Via de la plata day 11: Merida to Aljucén, 16km

Acueducto de los Milagros (the miracles), Merida

I pondered taking a rest day in Merida, but the town, despite all the history, didn’t appeal as a place to relax for an extra day. And the albergue was quite basic, which made the decision easier! And anyway, a 16 km day is almost a rest day.

My usual 0700 start was ideal, as street lighting and smooth roads make walking easier. There was the added benefit of seeing the aqueduct lit up, as it’s not as compelling by daylight. After that it was a gentle uphill mostly using cycle paths to the Proserpina reservoir, created by the Romans to provide water to Merida using the aforementioned aqueduct.

The Roman dam at sunrise
I took this just because I liked the colours!

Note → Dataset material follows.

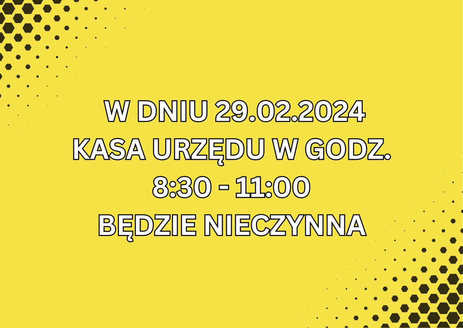 Godziny funkcjonowania Kasy Urzędu w dniu 29.02.2024 r.

The reservoir is a popular weekend outing for Meridians, but not popular enough to have a cafe open at 0800 on a Sunday morning. There were lots of fishing folks free camping on the shoreline who would probably be interested in coffee once the sun blasted them from their slumbers.

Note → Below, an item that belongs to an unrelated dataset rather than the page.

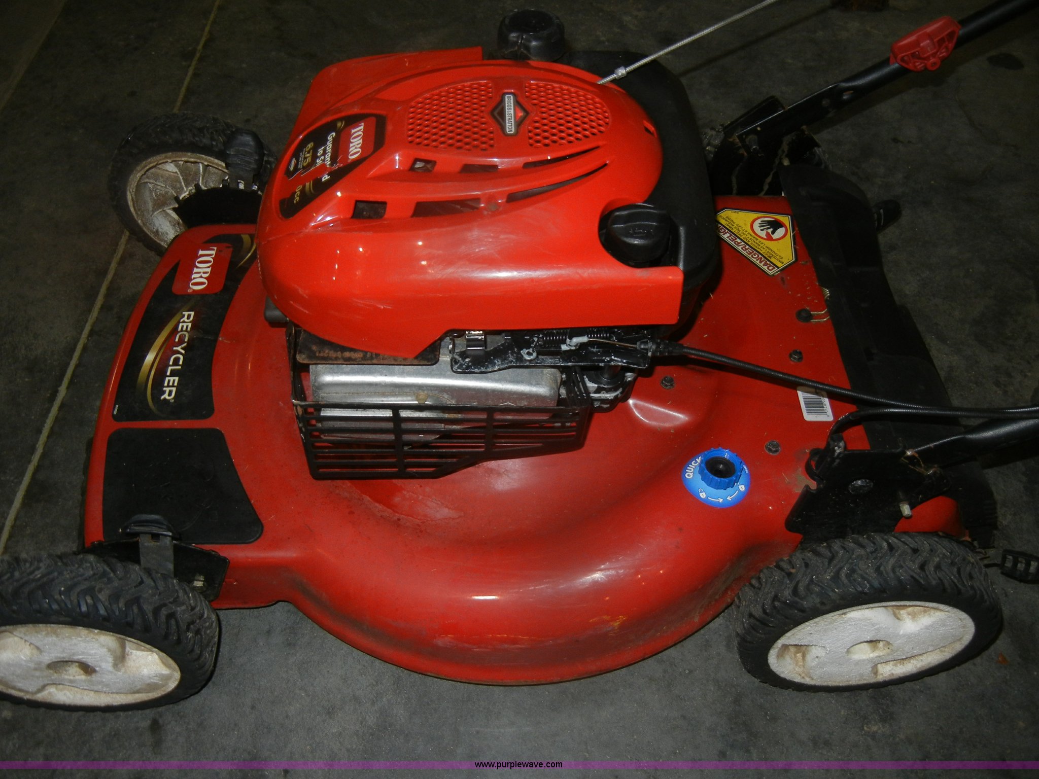 Purple Wave is selling a used Lawn and Garden in Kansas. This item is a (2) Toro push mowers with the following: SR4 Super Recycler, 22" cut, Briggs & Stratton engine, Self-propelled, Crank shaft bent, Operational, Recycler, 22" cut, Briggs & Stratton 6.75 HP engine, Self-propelled, Operational

The final stint was through more dehesa land, which is hard to tire of, plus a few vineyards to add variety. I was the first to arrive at the albergue, and as it was open with no instructions, I put my stuff in a room and crammed my entire wardrobe in the washing machine. When the hostel lady later showed up I got told off, as I was supposed to register at the tienda first. Oops! Luckily she didn’t notice my laundry going around (although me wandering around in nothing more than a pack towel might have been a giveaway). Later when I donned my clean (but damp) clothes and paid my rent and bought some provisions, she was all smiles, so hopefully an international incident was avoided.